Her career took a turn into writing when she started working for children's magazine Taptoe. She wrote stories, informative articles and reports for the magazine. She also wrote information booklets for primary and secondary school children on various subjects. For many years, Hanegraaf worked as a freelance copy-editor.

She studied at a writers' vocational school, where she became fascinated by poetry. She writes about the desire to remain within a multitude of impressions. Eye and ear observations are essential to her poetry. It is poetry about life, with the intention of understanding another person and the surroundings better.

In August 1996 Hanegraaf made her debut in literary magazine Bloknoot. Excerpts of her work have appeared in the literary magazines Hollands Maandblad, Maatstaf, De Tweede Ronde, Ballustrada, and Het Liegend Konijn, as well as on several websites such a Cubra, KB, and DBNL (Digital Library for Dutch Literature).

In 2001 her debut poetry collection, Veerstraat, was published. Subsequently Proefsteen, Restruimte, Ergens slapen de anderen and Bestaansbegeerte were also published by Arbeiderspers, a Dutch national publishing house that is now part of Singel Uitgeverijen.

In 2013 and 2014 Hanegraaf was the official poet of the city of Nijmegen, her home town. The poems she wrote in this period are printed on a banner called Stadsgedichten. Three poems, Stadswaard, Station Nijmegen Lent, and Oversteken (Crossing over) have been recognised by the city of Nijmegen as literary beacons.

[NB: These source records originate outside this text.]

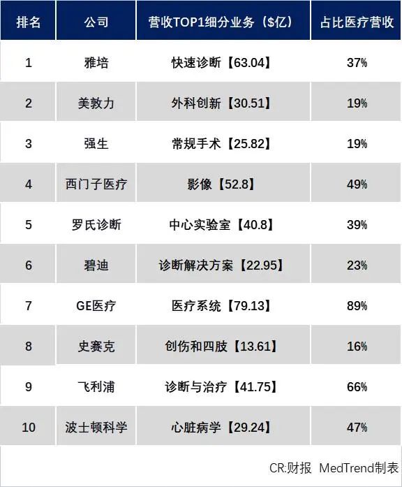 细分业务:诊断、设备、耗材,TOP 10各有千秋
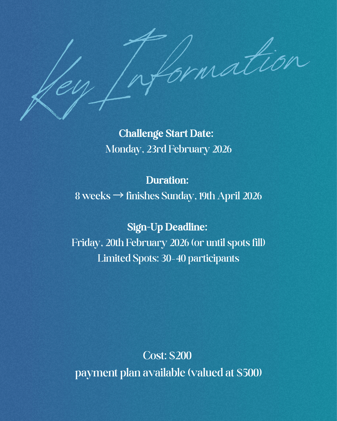 You’ll follow structured strength training, simple nutrition guidance, and weekly accountability, all while learning how to stay consistent long after the challenge ends.
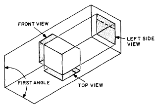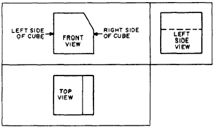 Figure 5-6.-Firsl-angle projection brought into a single plane. shown in figure 5-5. The cube is supposed to be fronting toward the vertical plane of projection. As you can see, you get a front view on the vertical plane, a left side view on the profile plane, and a top view on the horizontal plane.Now, to put these views on a sheet of drafting paper, you must get them all into the same plane. You presume that the vertical plane of projection is already in the plane of the paper. To get the other two views into the same plane, you rotate the profile plane counterclockwise and the horizontal plane clockwise. The projection now appears as shown in figure 5-6.This first-angle projection arrangement of views is considered satisfactory in most European drafting practice. In the United States, it is considered illogical because the top view is below the front view; because the right side of the object, as shown in the front view, is toward the left side view of the object; and because the bottom of the object, as shown in the front view, is toward the top view of the object. For these and other reasons, first-angle projection is not used much in the United States. |
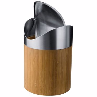 Poubelle de table très design en bambou et métal chromé avec couvercle à bascule.
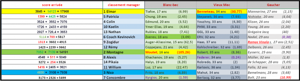 En fait, vous devez juste aller chercher les points ATP de votre jeunot et de votre vieux en cette fin d’année, multiplier chaque total par son coef (repris dans le dernier tableau après leur nom), et additionner leur 2 scores.
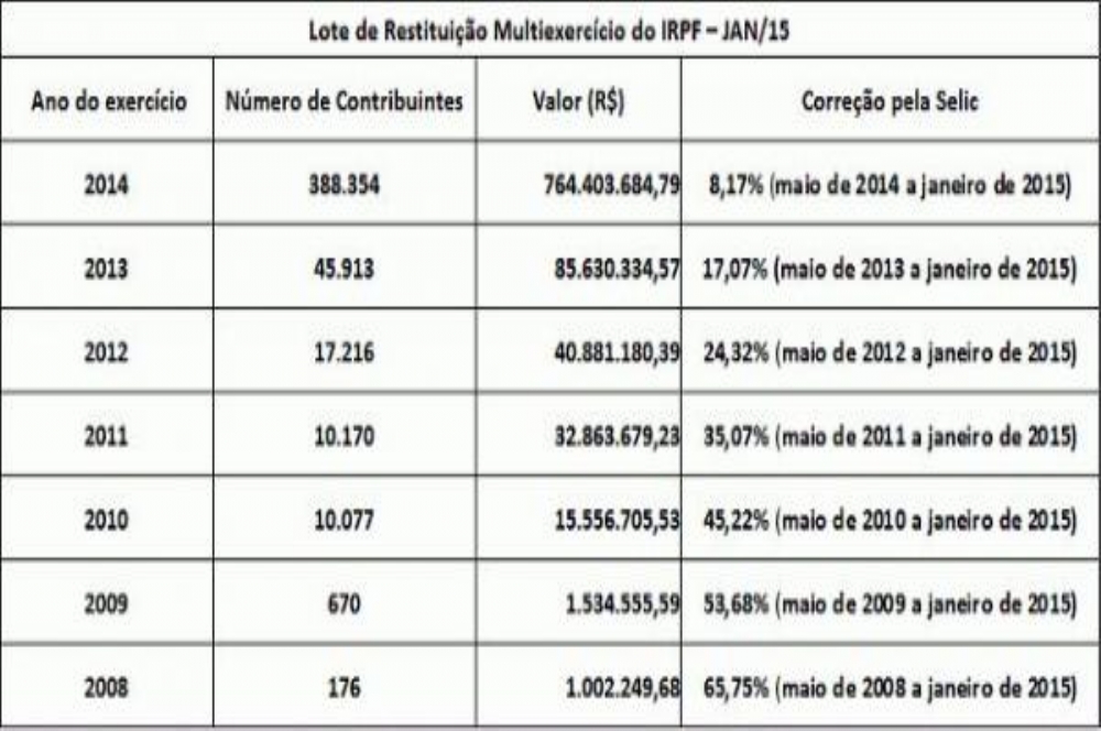 De acordo com o órgão, o crédito bancário para 472.576 contribuintes será efetuado no dia 30 de janeiro, totalizando o valor de R$ 941.872.389,78. Desse total, R$ 124.829.894,05 referem-se ao quantitativo de contribuintes idosos, de pessoas com deficiência ou com doença grave.
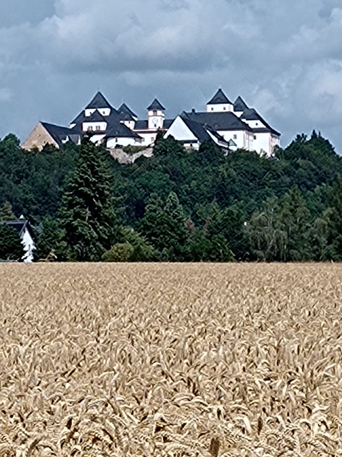 Nach dem schweren Anstieg von Schellenberg erhebt sich vor uns die Augustusburg
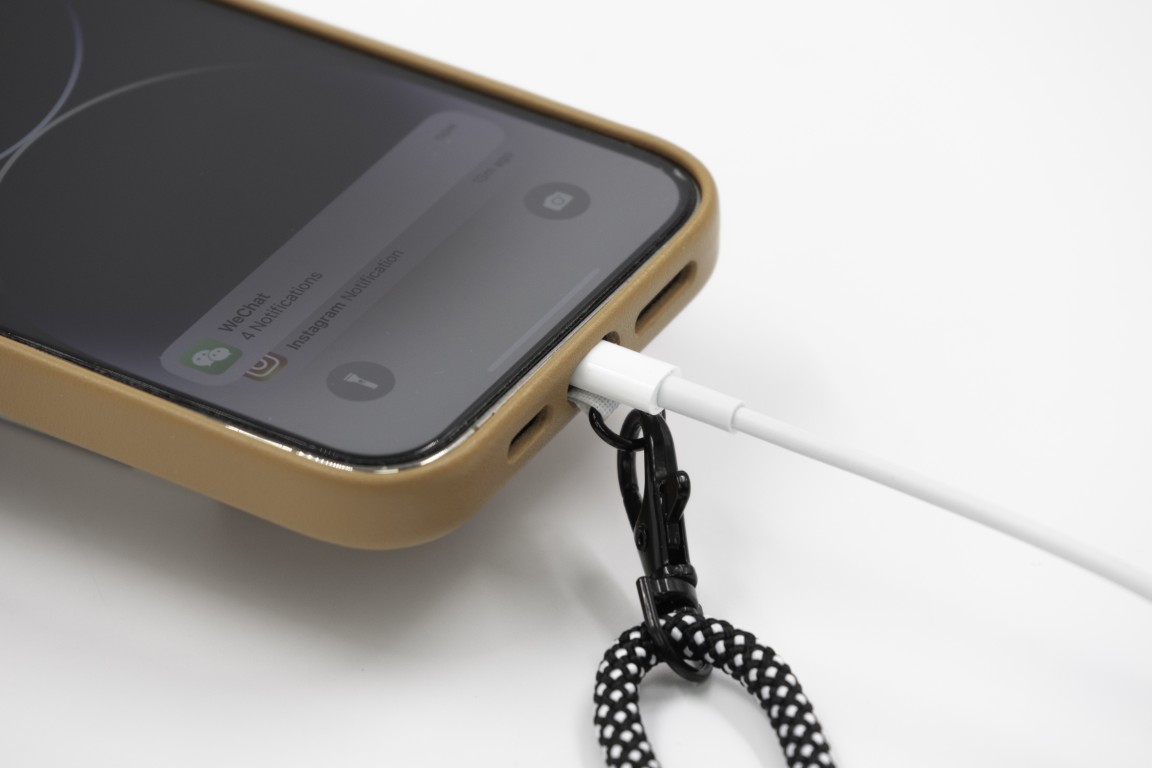 Compatible with most phone cases, Adjustable cord length , 6 mm Ø strong rope, Charging cable friendly

Hanegraaf is involved as a volunteer at the Poeziecentrum Nederland, a study and collection centre for modern Dutch poetry. She is active as a tour guide for the poetry walks in the city of Nijmegen. They also hold a collection of her work.

Her poems Waalkade and Albany-Nijmegen are set to music. Oversteken (Crossing Over) and Albany-Nijmegen are translated into English. Several poems have been translated into French, German, and Indonesian.

In November 2024, Marijke Hanegraaf exhibited her series Van ons vandaan together with photographs by Ineke Janssen at the Marienburg Library in Nijmegen. The works are poems about her mother's euthanasia. A poetry collection was also published in conjunction with the exhibition.

=== Awards and honours ===
In 1997 she won both the jury and the Audience Award at the Nijmeegse Literatuurprijs. For her debut poetry collection she was nominated in 2002 for the C. Buddingh’ prijs, an annual award for writers who have not yet published with a national publishing house.

== Poetry collections ==

- Van ons vandaan (2024), Uitgeverij Roelants, photos Ineke Janssen
- Bestaansbegeerte (2022), De Arbeiderspers
- Ergens	slapen de anderen	(2016), De Arbeiderspers
- Stadsgedichten	(2015)
- Restruimte	(2010) De Arbeiderspers
- Proefsteen	(2006), De Arbeiderspers, e-book versie
- Veerstraat	(2001), De Arbeiderspers, nominated for the C. Buddingh' prijs.

The poems she wrote as the official poet of Nijmegen were published in 2015 by the Stichting Literaire Activiteiten (Nijmegen), in conjunction with Poeziecentrum Nederland.